First Drawing of what I wanted to make, and the rough size. However after looking further at it we could not make a pointed tip, and instead went for a bullet tip.
) The second draft idea, churning out more of a concrete idea of what I wanted it to look like. ) The Third and last draw up, with more concrete measurements and drawings.
PROCESSES & PHOTOS
(Foam sword)
I borrowed left-over cut up foam from the Creative Design room, and cut them into the shape and sizes I felt were close to what I wanted. I even measured and found that it was what my drawing had said. It was blocky and not straight, but a good start. If I did this again, I’d practice cutting out straighter lines on the bandsaw (which is what I used to cut the foam). I also used masking tape to put all the foam together, and hold it together.
(Tracing)
I traced the parts of the foam sword that were going to be individual pieces out and cut them on brown paper using a pencil, an x-acto knife, and a cutting board. I also had to cut out what the blade would have looked like from the side. I traced out the hand guard on the side, but never ended up adding it.
(Planeing & Tracing – Not Shown)
I planed down the 40in of Bass Wood from 2in to about 1in, so that could be the starting width, that way when I traced the paper, I could immediately begin forming the sword’s blade and tang.
(Cutting on Bandsaw – Not Shown)
I cut out the outline on the bandsaw, and straightened the edges and curves using the disc sander.
(Wood – Final after Cutting on Bandsaw and some disc sanding.)
(Hand Planing)
I used the hand planer, which I’d never touched before, but have always been fascinated with because of the thin length of wood that comes out in long strips if done correctly. I’ve seen youtube videos of people in contests planing thin and long strips of wood, and it always amazed me with it’s handicrafting. I hand planed the sword so that it had more of an edge to it so that it no longer looked like a paddle.
(Shown, with edges being more sharpened and less block-like, being clamped to the table so that it does not slip while being hand-planed)
(Handle & Pommel – Not Shown)
Used the lathe to shape the handle and pommel to shape.
(Hand Guard & Finger Guard – Not Shown)
Use metal to shape/curve and then solder to be part of the guards.
Self Evaluation:
I think that I did well, and I’m very proud of what I made and how I made it. In the future, I’d like the sword’s blade to be less bulky, probably more thin and narrower towards the edge. I also was sort of unsure how I felt about the curved part before the handguard, into the handle, but it is sort of growing on me. I liked the handle, and how it holds in my hand.
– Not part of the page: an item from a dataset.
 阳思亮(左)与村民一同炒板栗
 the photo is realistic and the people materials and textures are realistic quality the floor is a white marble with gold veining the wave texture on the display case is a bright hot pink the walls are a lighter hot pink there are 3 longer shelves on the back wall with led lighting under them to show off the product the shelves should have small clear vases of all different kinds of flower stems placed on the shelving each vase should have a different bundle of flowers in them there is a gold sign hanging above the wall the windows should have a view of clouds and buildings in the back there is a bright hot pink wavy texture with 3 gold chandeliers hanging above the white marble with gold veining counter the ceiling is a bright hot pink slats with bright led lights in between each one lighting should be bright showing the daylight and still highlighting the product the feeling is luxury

It is much lighter than I expected,and though the pommel is not how I wanted it to be, I think it still looks nice. I never was able to make some small parts for the sword, but I know like it as is. I was never able to add the little indentation in the sword to give it more of an aesthetic edge, but I think due to the simplicity of the blade, it looks nice without it.
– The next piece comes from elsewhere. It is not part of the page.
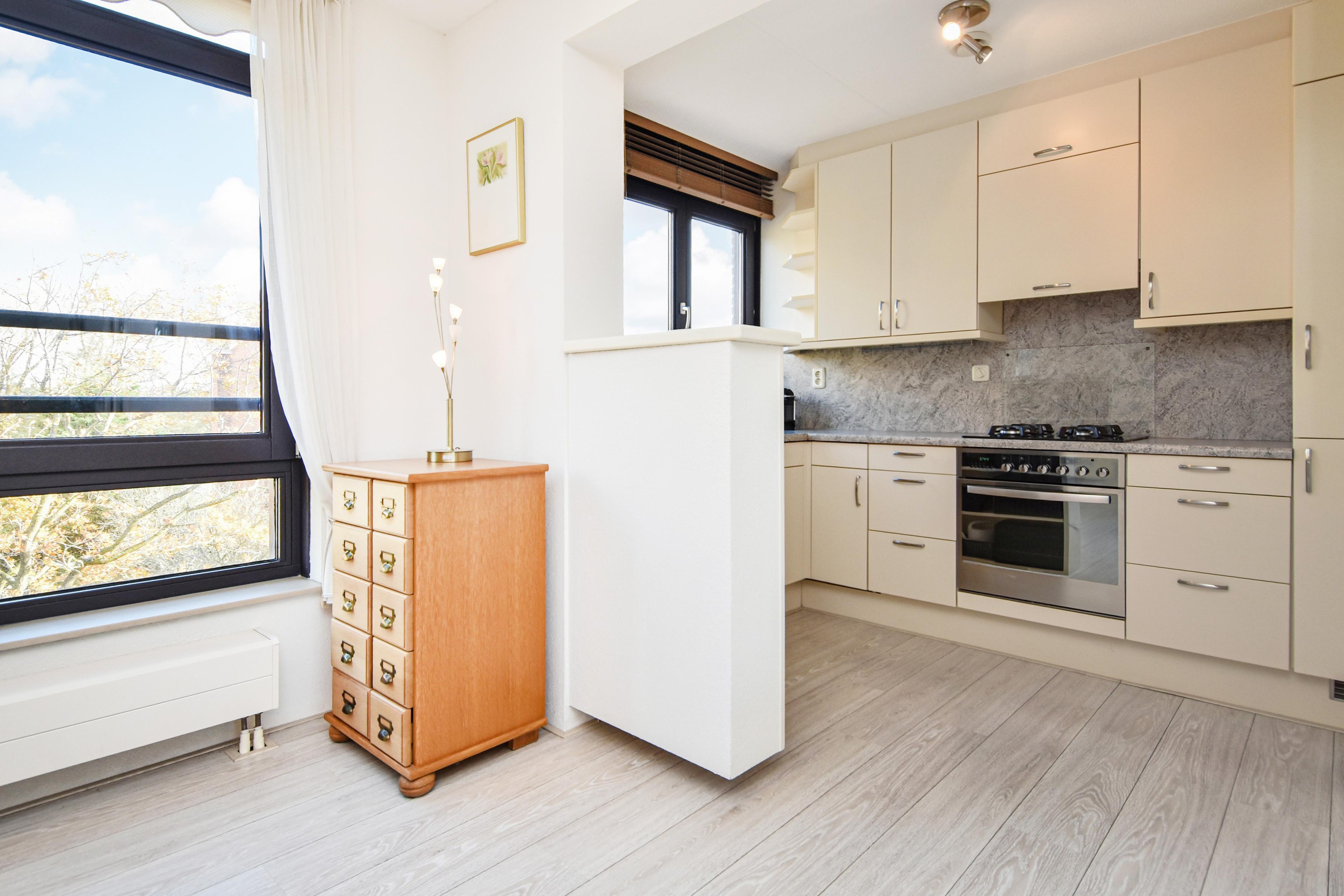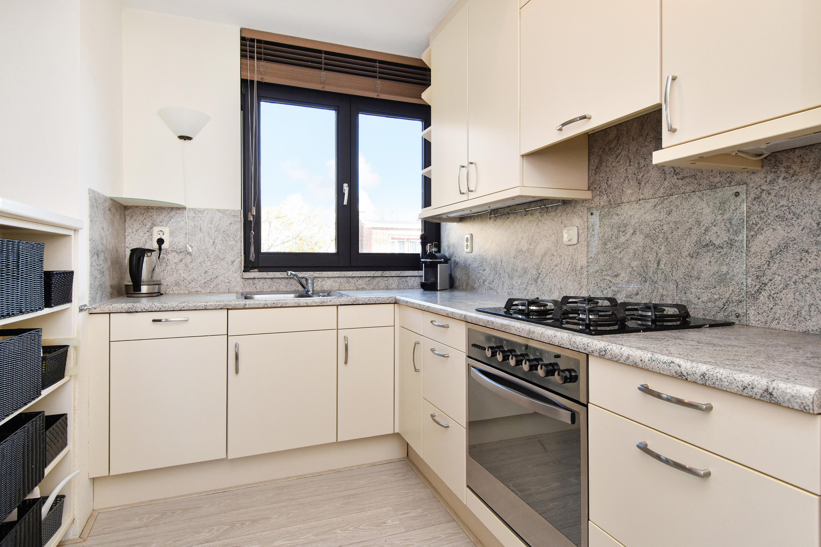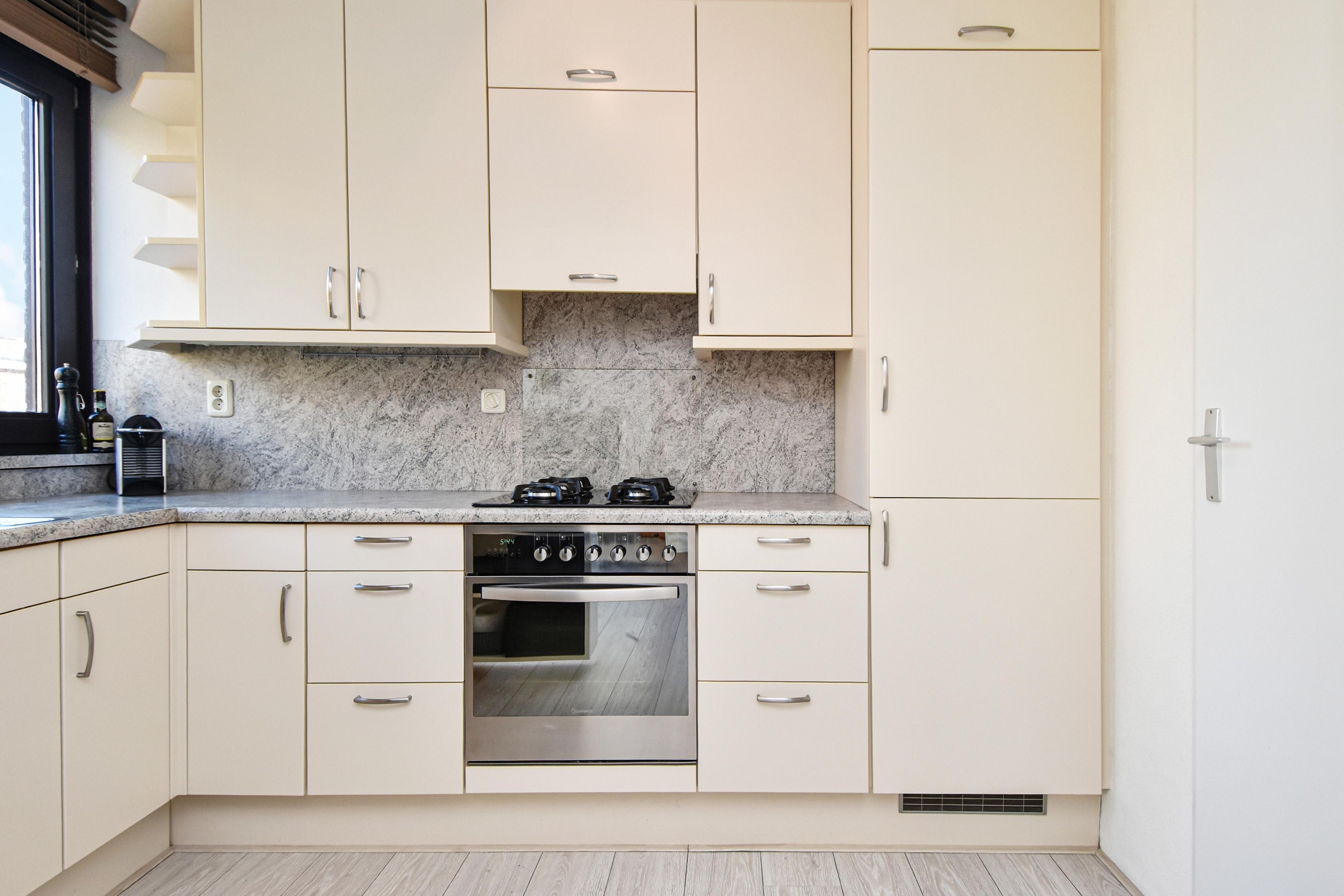 De halfopen L-vormige keuken is netjes onderhouden en voorzien van diverse inbouwapparatuur, waaronder een gasfornuis, oven, vaatwasser, afzuigkap en spoelbak. Aangrenzend bevindt zich een extra bergkast.

I also think when I drilled a hole into the tang, and handle, since they were both sort of crooked, it canceled out just fine and centered itself perfectly. If I could add more things, I would complete the finger guard by adding the little area up top to be connected in a circle as I had drawn it in my third and second drawing version. I also did not have spirals on my handle, but I think it was for the best, and I really like how the handle fits in my hand.